In 1991 Congress passed the Telephone Consumer Protection Act (“TCPA”) to protect customers from unsolicited telemarketing. It has since become an attractive avenue for consumer class action litigation. In the past, defendant-policyholders sought coverage under their Commercial General Liability (CGL) policies for costs incurred as a result of TCPA claims. When CGL policies began to include exclusions for TCPA claims, insureds began to seek coverage elsewhere, including under D&O policies. When presented with a TCPA claim, many D&O carriers have argued that coverage is precluded under the personal injury claim exclusion—particularly the “invasion of privacy” provision of the personal injury claim exclusion—found in the majority of private company D&O policies. While some courts have relied on this exclusion to bar coverage for TCPA claims, its application is questionable. Now the Ninth Circuit is about to weigh in.

In 2012, Los Angeles Laker fan David Emanuel sent a text message to a number posted on the scoreboard at the Staples Center during a game. He was responding to an invitation to attendees to text personal messages for the purpose of having them featured on the scoreboard. After sending his text, Mr. Emanuel received a promotional text back from the Los Angeles Lakers and incurred a charge from his phone company for the incoming text.

The Lakers’ response text message became the basis of a class action lawsuit brought by Mr. Emanuel on behalf of himself and others similarly situated. The lawsuit alleged that the Lakers violated the TCPA when the promotional response to Mr. Emanuel was sent. The California district court ultimately dismissed the case with prejudice, and the parties settled the case while an appeal was pending.

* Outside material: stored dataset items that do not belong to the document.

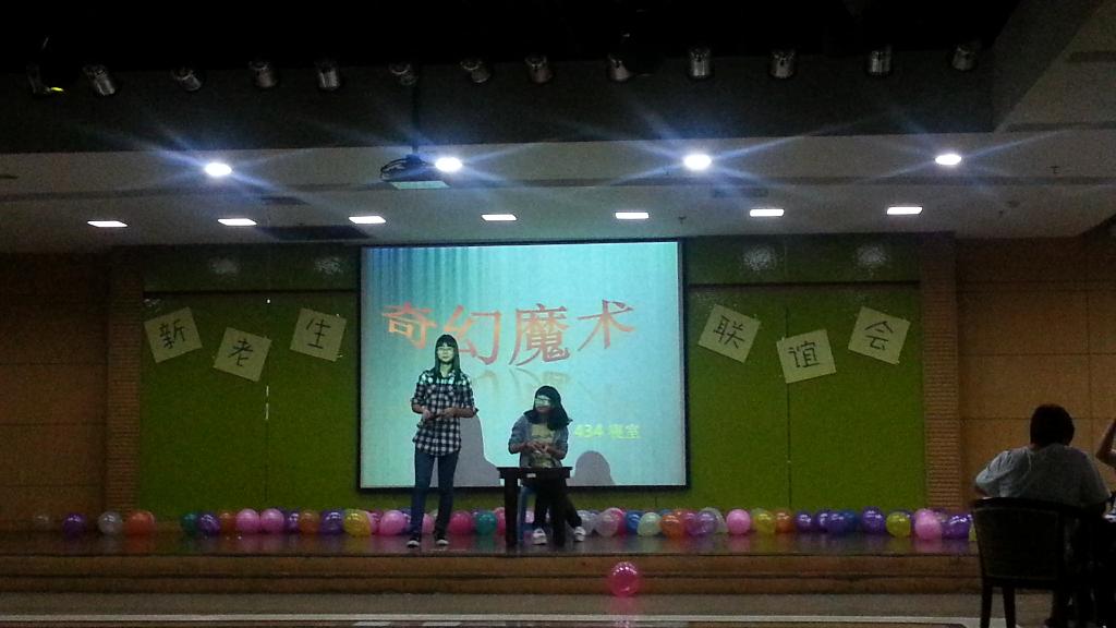在交流会上,同学们充分展示了自己多才多艺的一面。13级新生赵博同学首先以一首搞笑轻松的《换大米进行曲》使现场气氛一下子活跃起来。之后,魔术、冷笑话、唱歌、跳舞、话剧,各式各样的表演形式让在场观众们眼花缭乱。12级员工的节目也十分精彩,李婉春子同学的舞蹈《落花》让人赞叹不已,男女深情对唱的《私奔到月球》也引得同学们的热烈叫好和阵阵掌声。
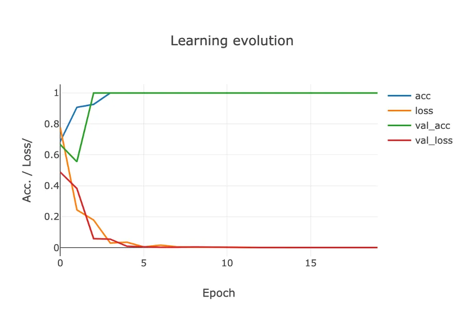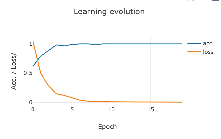 La curva azul representa la evolución de la precisión (accuracy) del modelo a medida que se va generando. Es decir, en cada una de las épocas de entrenamiento. La curva naranja representa la evolución de la función de pérdida (loss). Cuanto más próxima a 1 sea la precisión y más próxima a cero sea la función de pérdida, mejor es la calidad del modelo.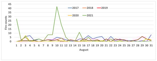 Time series reporting the number of August daily active fires detected by GFED4 (MODIS satellite) in the study area (see Figure 1) for years 2017–2021. The y-axis shows the number of fires in the selected area.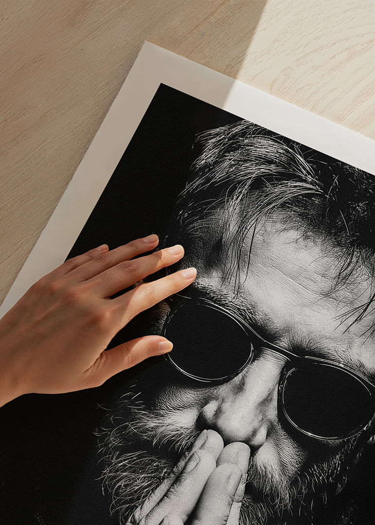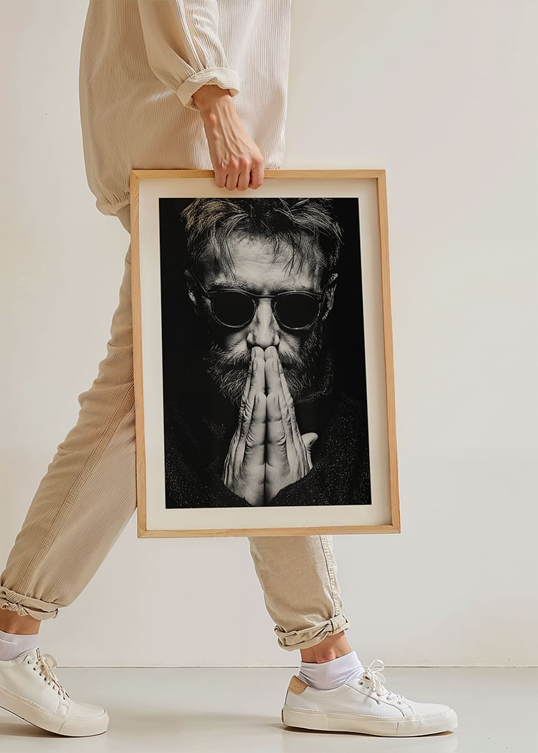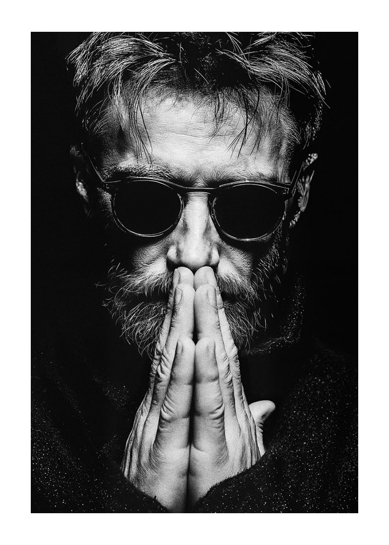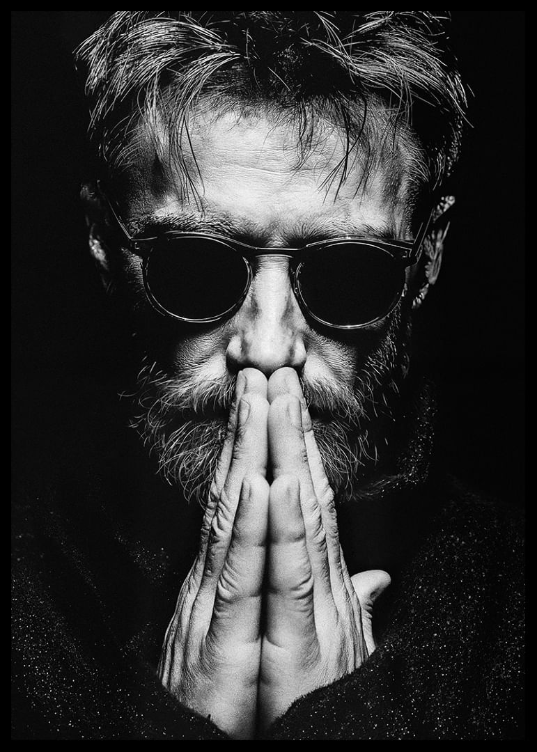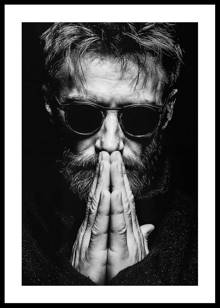 Ett svartvitt porträtt som fångar ett ögonblick av djup eftertanke – ett andetag mellan då och nu. Med slutna ögon bakom mörka glasögon och händerna tätt ihop framför ansiktet, förmedlar bilden en inre resa av eftertänksamhet och förlåtelse. Denna poster är en del av kollektionen "Face the truth" där varje köp stödjer The Non-Violence Projects viktiga arbetet med att förebygga våld. Kollektionen hyllar människans emotionella kraft och speglar Non-Violence Projects vision om en värld där konflikter hanteras med förståelse istället för våld. En poster för dig som vill inreda med mening – och stå upp för något större.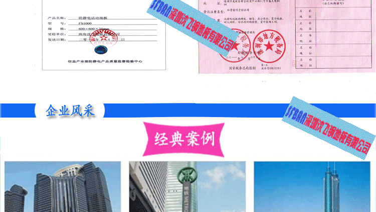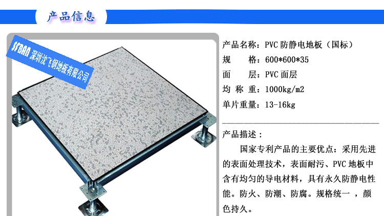 PVC全鋼高架地板 產品型號: 2.00MMPVC全鋼高架地板 規格: 600×600×35㎜ 產品說明: 永久性防靜電PVC地板是一種彈性均質的氯乙烯地面材料,其內部的PVC顆粒表面有一層導...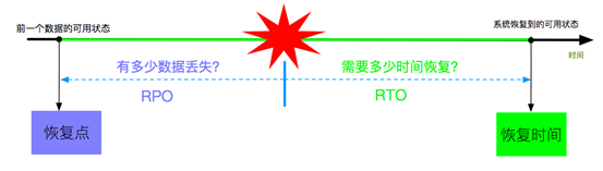 RTO(Recovery Time Objective):恢复时间目标,指出现灾难的时候多长时间可以让业务继续运作,即恢复时间。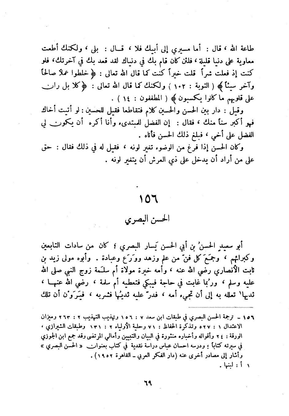 (1) ترجمة الحسن البصري في طبقات ابن سعد 7: 16 وتهذيب التهذيب 2: 263 وميزان الاعتدال 1: 527 وتذكرة الحفاظ: 71 وحلية الأولياء 2: 131 وطبقات الشيرازي، الورقة: 24 وأقواله وأخباره منثورة في البيان والتبيين وأمالي المرتضى وقد جمع ابن الجوزي في سيرته كتاباً؛ ودرسه إحسان عباس دراسة نقدية في كتاب بعنوان " الحسن البصري " واشار إلى مصادر أخرى عنه (دار الفكر العربي - القاهرة 1952) .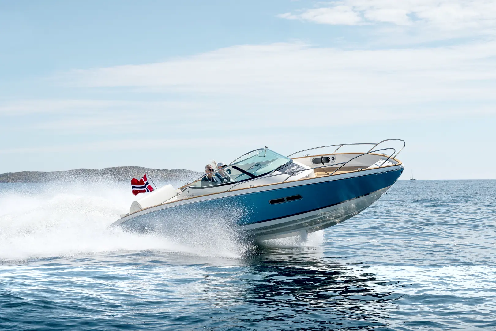 Den er perfekt for å cruise rundt i skjærgården med, drive vannsport, ankre opp i en naturhavn eller som weekendcruiser. Under dekk har båten to faste sengeplasser og eget toalett med elektrisk spyling.
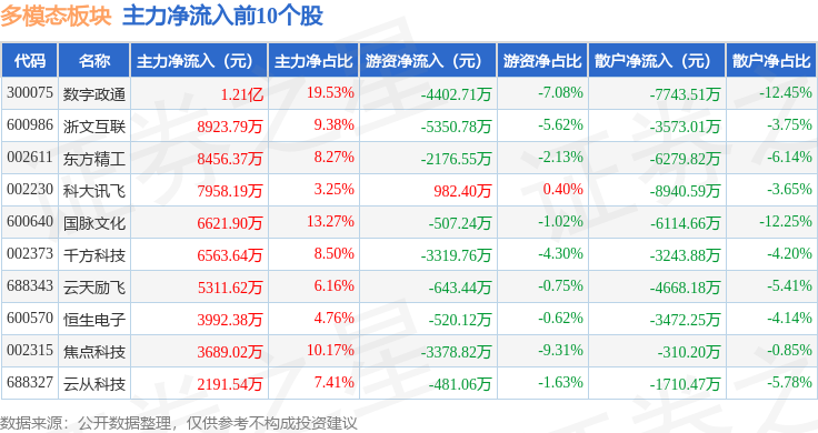 从资金流向上来看,当日多模态板块主力资金净流出5.7亿元,游资资金净流入8585.07万元,散户资金净流入4.84亿元。多模态板块个股资金流向见下表:

The Lakers turned to their insurer, Federal Insurance Co., for coverage related to the class action. Federal denied coverage and refused to defend the Lakers against the claims alleged in the lawsuit. Federal’s basis for denial was an exclusion for claims “based on, arising from, or in consequence of . . . invasion of privacy.”

The Lakers then sued Federal, alleging that the insurer breached the contractual terms of the insurance policy by denying coverage and refusing to defend the team in the underlying lawsuit The action also alleged that Federal breached the implied covenant of good faith and fair dealing in numerous ways. Federal filed a motion to dismiss, which the district court granted with prejudice, finding that coverage was precluded by the “invasion of privacy” provision in the Lakers’ D&O policy.

The NBA team isn’t accepting defeat just yet—it filed an appeal with the Ninth Circuit on November 2, arguing that the district court accepted an “overly broad” interpretation of the exclusion, and even if the exclusion does apply, it doesn’t cover all of the TCPA claims brought by Mr. Emanuel. According to the Lakers, the complaint did not state a claim for invasion of privacy, and sought damages for economic and property damages, not personal injury. The Lakers are further arguing that their bad faith claim is sufficiently pled.

This is a game to watch. If the Ninth Circuit reverses the district court’s holding it could solidify insured’s claim to coverage for TCPA claims under D&O policies. If the Ninth Circuit affirms the District Court opinion, however, coverage under many D&O policies for TCPA claims may become more difficult than a half-court buzzer beater.